Dr. Harcourt’s Bucket Theory
Picture the part of your brain that allows migraine to occur as a bucket. All migraine patients have different size buckets – some very small and some larger. The smaller the bucket, the faster it will fill up with stress and triggers and overflow into a migraine. One of the goals of our migraine program is to make your bucket as big as possible. This will allow you to be able to handle a lot more stressors without your bucket overflowing and causing a migraine. We do this with neurological rehabilitation, peripheral nerve stimulation, gaze stability exercises, vestibular rehabilitation, manual therapies, eye-head tracking exercises, and/or peripheral vision training. The bucket can also be in different parts of the brain, which is why different treatments are effective for different patients.

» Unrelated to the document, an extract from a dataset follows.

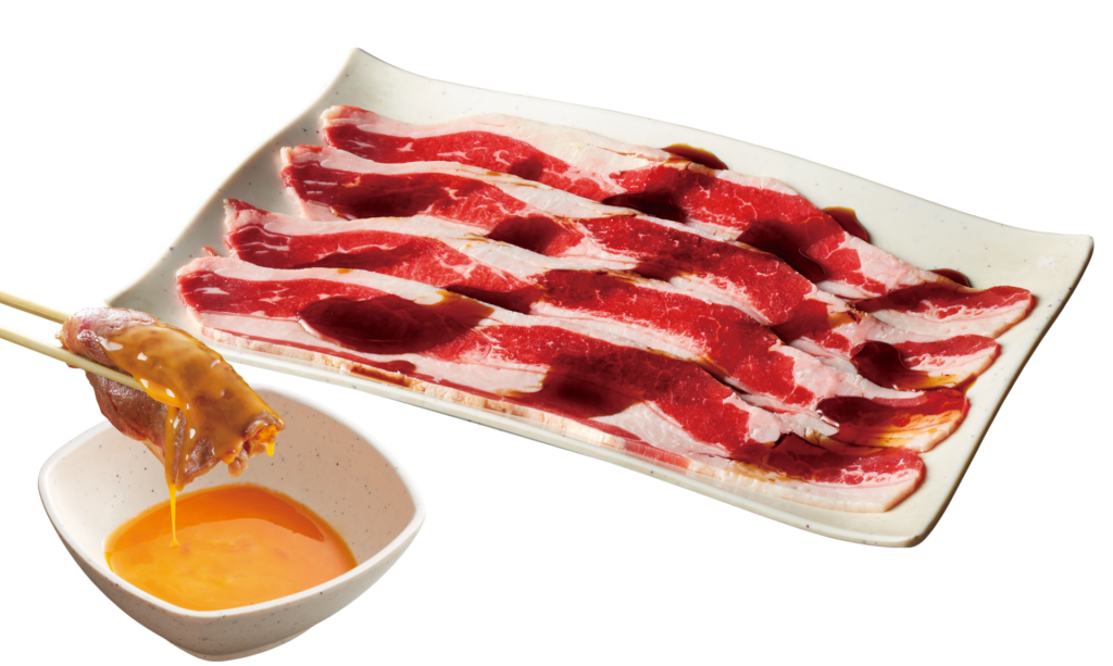 すき焼き風の味付けと炭火の香ばしさを楽しめるメニュー。醤油ベースの特製ダレが約2.1ミリの厚みのカルビに染み込んでいて、単体でも濃厚な味わいです。お好みで生卵をつけて、すき焼きのようにマイルドに食べるスタイルもおすすめ。

Affordability of the Program
Did you know that for those who have tried more than two preventative migraine medications, the mean all cost is $18,394 per year??? The vast majority of the patients we work with have tried AT LEAST two medications, so this means that you probably fall into this category as well.
Things like:
- Missed work
- Trips to the E.R.
- Urgent Care/Doctor Visits
- Prescriptions
- Over-the-Counter Medications
- Natural Remedies
- Injections
- Chiropractic/Massage/Acupuncture/Etc.
All add up to an average spend of over $18,000 per year per patient!
For example, the new CGRP-blocking medications like Aimovig or Emgality cost $6000-9000 per year, and only give a 50% reduction of migraine days for less than half of patients. People all over the world are shooting in the dark, spending money on anything they can find that might help.

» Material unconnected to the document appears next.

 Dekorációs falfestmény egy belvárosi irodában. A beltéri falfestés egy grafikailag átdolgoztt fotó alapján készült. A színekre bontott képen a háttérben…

With my program, you’ll be:
- Treating these factors the RIGHT way
- NOT shooting in the dark
- Understanding your most weighted factors
- Learning how to stay IN CONTROL of migraine long-term
- Joining a team who will support you for years to come
Pricing
$2500 for Entire Remote Program*
This includes:
- Hormonal Laboratory Fees
- Hormonal Supplements
- Nutritional Supplements
- All Consultations with Dr. Harcourt
- Shipping
Total Length of Program is approximately 3-4 months, depending on the results of hormonal testing and amount of treatment needed.
Insurance
Most PPO insurance plans will reimburse you for the laboratory fees and consultation codes we will be using during your program. We will provide you with a ledger/superbill to submit to your insurance. Actual reimbursement depends on your plan coverage. We are happy to help with this as much as we can, but any coverage question will need to be directed to your insurance company.